Harold became a multi-sport athlete – football running back (3 years), baseball left fielder (4 years), and track sprinter (4 years). His record-smashing performance for Springfield Central High School’s track team in the sprint events brought him to national attention. During his sophomore year, he posted world-class times and personally outscored the collective efforts of opposing teams. By his junior year, he was the captain –– a highly unusual honor for an African-American athlete at that time — indicating how highly he was valued by his team and his school.
While he and his family were well-respected in Springfield, he and other African-American athletes were regularly demeaned in the region and nation.

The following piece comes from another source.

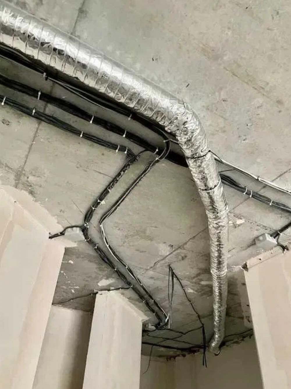 Выполнен полностью электромонтаж проводки, разведено отопление и водоснабжение. Разведена канализация, заложены инсталляции, установлены бойлеры.

Drew resolutely insisted on his human dignity, turning down opportunities to compete at Boston AAU events because he would not allow his celebrity to be used to make money for an organization that would not allow African-Americans to represent them. A proponent of “racial uplift,” Drew chose to use his athletic prowess in ways that would promote African-American accomplishment in the classroom.
In 1912, while still finishing high school, he set his sights on the Olympic Games. His impressive string of wins included the Harvard Stadium Olympic Qualifier and the US Trials, where he easily beat the field pulling away.
He competed at the 1912 Stockholm Games, qualifying for the finals in both the 100m and 200m races. He was the presumptive favorite to win, but while on his way to placing first in the 100m semi-final heat, he pulled his hamstring as he stepped on a soft spot in the track. He could only watch as the man he had repeatedly beat in the heats – US runner Ralph Craig – cruised to victory.
Eager to run at the collegiate level, Drew then headed to the University of Southern California (1913-1916). He paid his way through school on a work-study program; he also made extra money as a journalist, writing regularly for the Los Angeles Examiner and as a sportswriter for the USC school paper. On the track, he showed no signs of slowing down, tying or setting world records in most of the short distance events and becoming AAU National Champion for 100 and 200 yd distances. His 1914 world record in the 100m dash (9.6 seconds) stood until 1929.
He graduated with honors and moved on to study law at Drake University and coach their track team in 1916-1917.
Drew hoped to compete in the 1916 Olympics, but international events intervened when World War I started and the Games were cancelled. Drew remained in peak physical condition, however, as he exhibited at the 1916 Millrose Games. At a special invitational event that brought together four of the world’s fastest sprinters for a high-profile showdown at 70 yards, Drew ran down the field and equaled his own world record time (7.15 seconds).
When the United States entered World War I in 1917, Drew enlisted in the US Army (88th Division, 809th Pioneer Infantry Regiment, Supply Company) and won both a Victory Medal and a defensive bar during his service in France.
Rapidly promoted to First Sergeant, Drew also took on the important job of coaching US Army track teams for the so-called 1919 “Pershing Olympics.” The international media eagerly promoted his return to competitive running, but there is no record of him taking part as anything but a coach and trainer. He was honorably discharged in 1919.
While Drew still hoped to make the Olympics in 1920, he was 30 years old and other younger men outran him. Perhaps his mind was on his studies, because only a few months later, he passed the bar exam in Connecticut, becoming one of the few African-American attorneys in the state. His legal practice in Hartford, Connecticut, steadily grew; using the same focus on excellence he had cultivated as a scholar-athlete, he became the first Black judge in Connecticut. After a long and distinguished career in public service, he died in 1957.